Ответ держит государыня да родна матушка,
Та честна вдова Офимья Александровна:
«Я бы рада бы тя, дитятко, спородити:
Я талантом-участью в Илью Муромца,
Я бы силой в Святогора да Богатыря,
Я бы смелостью во смелого Алешу во Поповича,
Я походкою тебя щапливою
Во того Чурилу во Пленковича,
Я бы вежеством в Добрыню во Никитича,
Только тыи статьи есть, а других Бог не дал,
Других Бог статьей не дал да не пожаловал».
Скоро-наскоро, Добрыня, он коня седлал,
Садился он скоро на добра коня,
Как он потнички да клал да на потнички,
А на потнички клал войлочки,
Клал на войлочки черкасское седелышко,
Всех подтягивал двенадцать тугих подпругов,
Он тринадцатый-от клал да ради крепости,
Чтобы добрый конь-от с-под седла не выскочил,
Добра молодца в чистом поле не вырушил.
Подпруги были шелковые,
А спеньки у подпруг все булатные,
Пряжи у седла да красна золота.
Тот да шелк не рвется, да булат не трется,
Красно золото не ржавеет.
Молодец-то на кони сидит, да сам не стареет.
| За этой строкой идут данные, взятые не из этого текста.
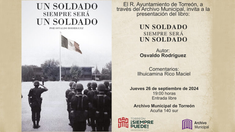 Torreón, Coahuila. A 24 de septiembre de 2024. El Archivo Municipal de Torreón tiene para su próxima actividad la presentación del libro: “Un soldado siempre será un soldado”, escrito por Osvaldo Rodríguez, y que trata sobre la historia de un exmiembro del Ejercito mexicano. Cinthia Gaspar ... Leer Más
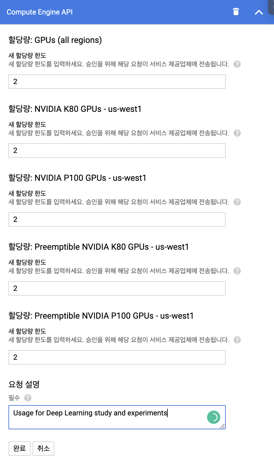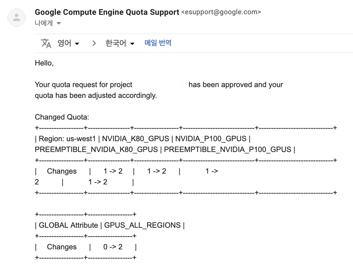 내 계정에 할당할 수 있는 GPU 개수를 증가시켜달라고 신청하는 건데, 신청을 올리면 직원들이 확인하고 직접 할당량을 증가시킨 후 메일이 오는 형태더라구요. 번거롭지만 무분별한 사용이나 할당을 방지하기 위한 장치인 것 같습니다.
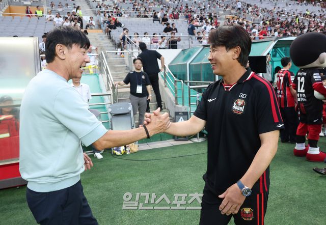 경기 전 신태용 감독과 김기동 감독이 손을 맞잡고 인사하고 있다.

Провожала-то Добрыню родна матушка.
Простилася и воротилася,
Домой пошла, сама заплакала.
А у тыя было у стремины у правыя,
Провожала-то Добрыню любима семья,
Молода Настасья дочь Никулична,
Она была взята из земли Политовския,
Сама говорит да таково слово:
«Ты, душка, Добрынюшка Никитинич!
Ты когда, Добрынюшка, домой будешь?
Когда ожидать Добрыню из чиста поля?»
Ответ держит Добрынюшка Никитинич:
«Когда меня ты стала спрашивать,
Так теперича тебе я стану сказывать:
Ожидай меня, Добрынюшку, по три года.
Если в три года не буду, жди по друго три,
А как сполнится то время шесть годов,
Как не буду я, Добрыня, из чиста поля,
Поминай меня, Добрынюшку, убитого.
А тебе-ка-ва, Настасья, воля вольная:
Хоть вдовой живи да хоть замуж поди,
Хоть ты за князя поди, хоть за боярина,
А хоть за русского могучего богатыря,
Столько не ходи за моего за брата за названого,
Ты за смелого Алешу за Поповича».
Его государыня-то родна матушка,
Она учала как по полати-то похаживать,
Она учала как голосом поваживать,
И сама говорит да таково слово:
«Единое ж было да солнце красное,
Нонь тепере за темны леса да закатилося,
Стольки оставлялся млад светел месяц.
Как единое ж было да чадо милое,
Молодой Добрыня сын Никитинич,
Он во далече, далече, во чистом поле,
Судит ли Бог на веку хоть раз видать?»
Еще стольки оставлялась любима семья,
Молода Настасья дочь Никулична,
На роздей тоски великоя кручинушки.
Стали сожидать Добрыню из чиста поля по три года,
А и по три года, еще по три дня,
Сполнилось времени цело три года.
Не бывал Добрыня из чиста поля.
Стали сожидать Добрыню по другое три,
Тут как день за днем да будто дождь дожжит,
А неделя за неделей как трава растет,
Год тот за годом да как река бежит.
Прошло тому времени другое три,
Да как сполнилось времени да целых шесть годов,
Не бывал Добрыня из чиста поля.
Как во тую пору, да во то время
Приезжал Алеша из чиста поля.
Привозил им весточку нерадостну,
Что нет жива Добрынюшки Никитича,
Он убит лежит да на чистом поле:
Буйна голова да испроломана,
Могучи плеча да испрострелены.
Головой лежит да в част ракитов куст.
Как тогда-то государыня да родна матушка
Слезила-то свои да очи ясные,
Скорбила-то свое да лицо белое
По своем рожоноем по дитятке,
А по молодом Добрыне по Никитичу.
Тут стал солнышко Владимир-то похаживать,
Да Настасью-то Никуличну посватывать,
Посватывать да подговаривать;
«Что как тебе жить да молодой вдовой,
А и молодый век да свой коротати,
Ты поди замуж хоть за князя, хоть за боярина,
Хоть за русского могучего богатыря,
Хоть за смелого Алешу за Поповича».
Говорит Настасья дочь Никулична:
«Ах ты, солнышко Владимир стольнокиевский!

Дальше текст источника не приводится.